I was spending a lot of time in and out of the hospital. While in Vietnam, I had developed a severe kidney disease from agent orange. (I was later operated on for cancer).

I didn’t realize that I was going to write all of this. The good news is though, one evening I walked into a small white church in Colorado Springs. I have absolutely no recollection of the service. What I will never forget, however, is walking out of that little church totally free. I felt clean and washed. The fear was gone! Looking back, I realize that it was spiritual darkness. It was real, but the power of God is greater!

My discharge date was delayed because I was still in the hospital at that time. I had no idea where I would go when I got out. One day someone came by and said I had a letter. Lennie and I hadn’t communicated in over a year and a half. I held her letter for a long time, afraid to open it. I guess I thought it was a wedding announcement or something. Anyway, I was discharged December the 15th. We were married two weeks later on Christmas Eve.
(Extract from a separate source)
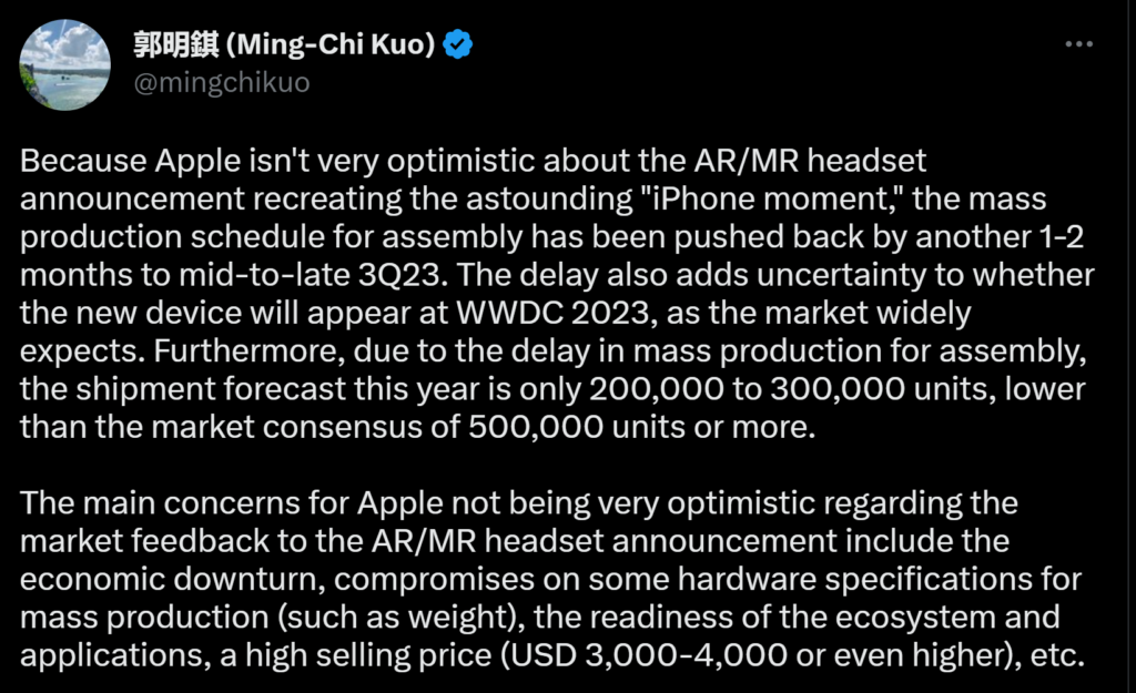 Además, Kuo dice que Apple no es para nada optimista con las perspectivas de mercado del dispositivo, sobre todo debido a su alto precio que podría llegar a los USD $.3000. Todo esto en medio de un entorno económico incierto actualmente.

God has been very good. We have a son and two daughters, and good crop of grandkids.
God is good and His mercy is forever.
~Bill

CALLUSES ON OUR SOULS

We built calluses
On our souls

Each event
Each experience

Adding a new layer
A toughening

Which allowed
Us to survive

Practice
Made us perfect

We no longer
Felt much of anything

The pain
Became nonexistent

But it is still deep
Within our souls

As time goes on
The calluses soften

No longer used
Out of practice

Then the pain
Begins

Outside our
Realm of consciousness

The pain
Begins to build

As the tissues
Peel away

Until
The rawness

Is all
That remains

by Penni Evans
Vietnam Donut Dollie

The Vietnam Warriors Lament

The Vietnam Warrior’s Lament

Was it a war or was it not, a time of flux for some of us
A tumultuous time, a time to pray, a time of conflict, all tucked away
At times we share a look inside, a soul too numb, too vilified
We keep inside those horrid thoughts, we brand ourselves a deadman’s walk
In combat once, civilian now, a troubled soul yet to resolve
To we who know, a brotherhood, to others though, misunderstood
Address us now, the emptiness, the fragile man such hopelessness
Regard us then how ere you must, so quick to judge, with vile repress
Come back again and tell us now, how brave we were, a hero child
Once driven by uncertainty, a thing so wrong a travesty
As images steal our minds it seems, those wretched things we can’t redeem
Until they leave we lose control, we live again each dreadful role
Let’s lift our arms up to the sky and offer thanks, no withered cry
To us I say hold fast to that, forgive your heart, unbind your mind, left fear depart
And in the end, when time is done, look at the light where God is from
And at your end when you go home, the words will be, Come….Welcome Home

Written by; Gene Giunta

Vietnam, 1968-1969

Naval Mobile Construction Battalion Three

Gaston County Library Presentation

Saturday, 24 March 2018

Today I had the honor to speak at the Gaston County, North Carolina about my book, WHEN WE CAME HOME, How the Vietnam War changed those who served. I was joined by Vietnam veterans and those who have an interest in those tumultuous days.

The presentation was well received and followed by a lively round of questions. I was able to sign books for many who attended. I had the privilege of signing a book for Rev. Houston Matthews who is an Episcopal Priest and Vietnam veteran of the Marine Corps. He was severely wounded at Khe Sanh in 1968.

I thank the staff of the library for arranging this presentation!